Waffenstillstand in der Ukraine hält, doch der Westen traut der Ruhe nicht

Die Waffenruhe in der Ukraine hat in der Nacht von Freitag auf Samstag gehalten. US-Präsident Barack Obama ist dennoch skeptisch. Bundesaußenminister Frank-Walter Steinmeier äußerte ebenfalls Zweifel, dass die Waffen in der Ost-Ukraine dauerhaft schweigen.

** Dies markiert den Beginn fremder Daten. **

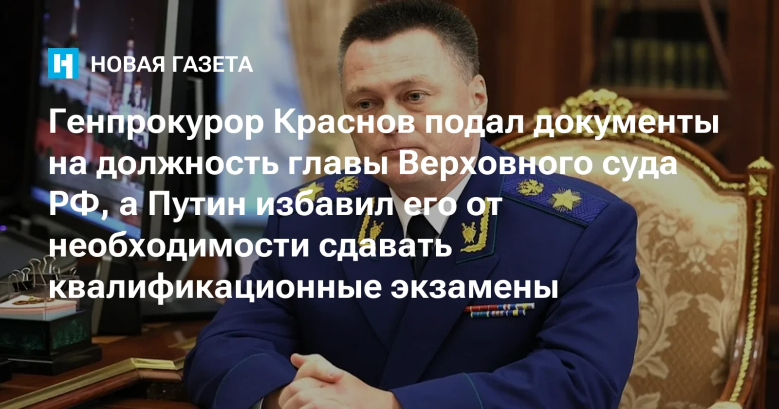Новым главой Верховного суда, похоже, станет нынешний генпрокурор Игорь Краснов. Сегодня стало известно, что он подал заявление в Высшую квалификационную коллегию Верховного суда на эту должность, о чем сообщил председатель коллегии Николай Тимошин.
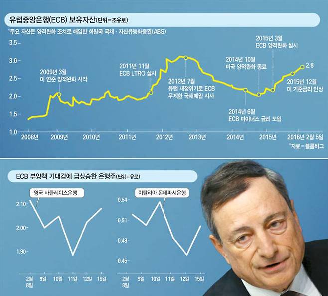 현재 ECB 자산 매입 프로그램 주 대상은 주요국 국채와 자산유동화증권(ABS) 등이다. 유로존 은행 부실채권 매입 외에 드라기 총재는 3월 정례회의 때 양적완화 규모 확대 등 추가적인 통화 완화 정책을 내놓을 예정이다. 래리 엘리엇 가디언 경제담당 에디터는 '유로존 위기가 다시 끓어오른다'는 제목의 칼럼에서 "결국 ECB가 깜짝 놀랄 만한 수준의 부양책을 다음달 내놓지 않으면 위기가 다시 불붙을 수밖에 없다"고 경고했다.

Die vereinbarte Feuerpause für die umkämpfte Ostukraine wird örtlichen Behörden zufolge eingehalten. Nach monatelangen Gefechten hätten die Regionen um die Separatistenhochburgen Donezk und Lugansk eine ruhige Nacht erlebt, teilte die Stadtverwaltung von Donezk am Samstag mit. Die prowestliche Führung in Kiew bekräftigte, sich an die am Freitag in Minsk beschlossene Feuerpause zu halten. Allerdings habe die Armee auch Order, auf mögliche Angriffe der moskautreuen Aufständischen zu reagieren, sagte der regierungsnahe Militärexperte Dmitri Tymtschuk. Er erwartete noch am Samstag den Beginn eines Gefangenenaustauschs.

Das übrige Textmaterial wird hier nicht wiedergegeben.